Records shown:
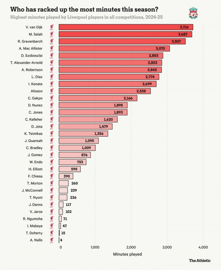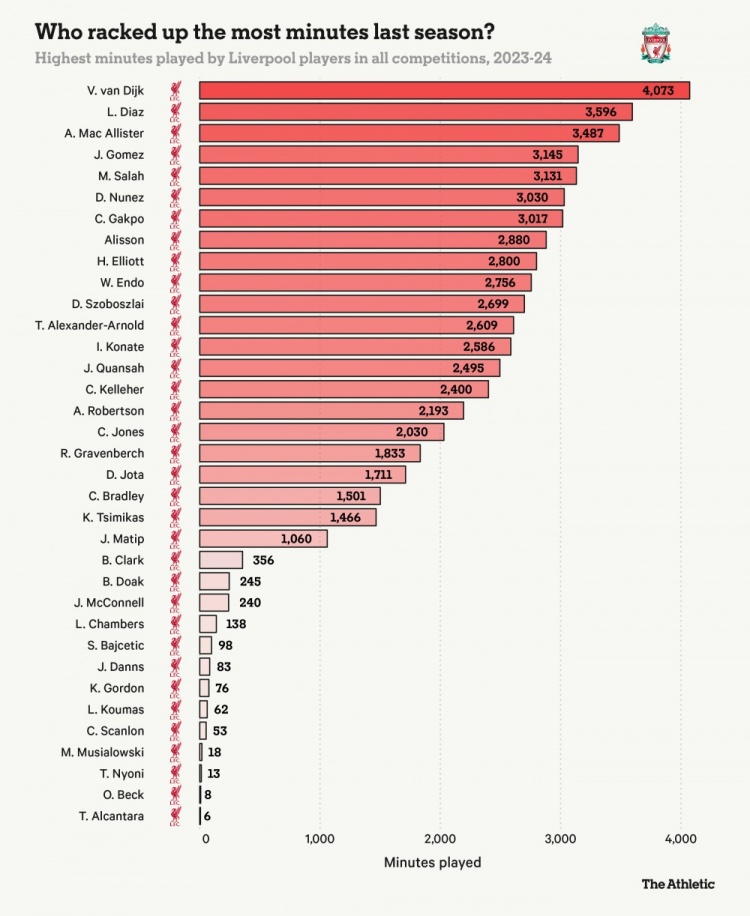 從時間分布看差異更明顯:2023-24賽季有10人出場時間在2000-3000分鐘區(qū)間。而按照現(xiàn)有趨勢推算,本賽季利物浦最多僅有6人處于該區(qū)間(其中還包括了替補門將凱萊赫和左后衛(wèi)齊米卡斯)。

==

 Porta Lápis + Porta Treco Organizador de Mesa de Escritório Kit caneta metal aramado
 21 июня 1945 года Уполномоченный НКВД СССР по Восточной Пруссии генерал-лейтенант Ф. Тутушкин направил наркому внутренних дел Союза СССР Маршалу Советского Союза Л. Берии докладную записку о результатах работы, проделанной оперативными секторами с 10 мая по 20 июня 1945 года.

Exercise:
From the data above, return every line from the line that has "Porta Lápis +" up to and including the line that has "21 июня 1945", exactly.

The completed task:
 Porta Lápis + Porta Treco Organizador de Mesa de Escritório Kit caneta metal aramado
 21 июня 1945 года Уполномоченный НКВД СССР по Восточной Пруссии генерал-лейтенант Ф. Тутушкин направил наркому внутренних дел Союза СССР Маршалу Советского Союза Л. Берии докладную записку о результатах работы, проделанной оперативными секторами с 10 мая по 20 июня 1945 года.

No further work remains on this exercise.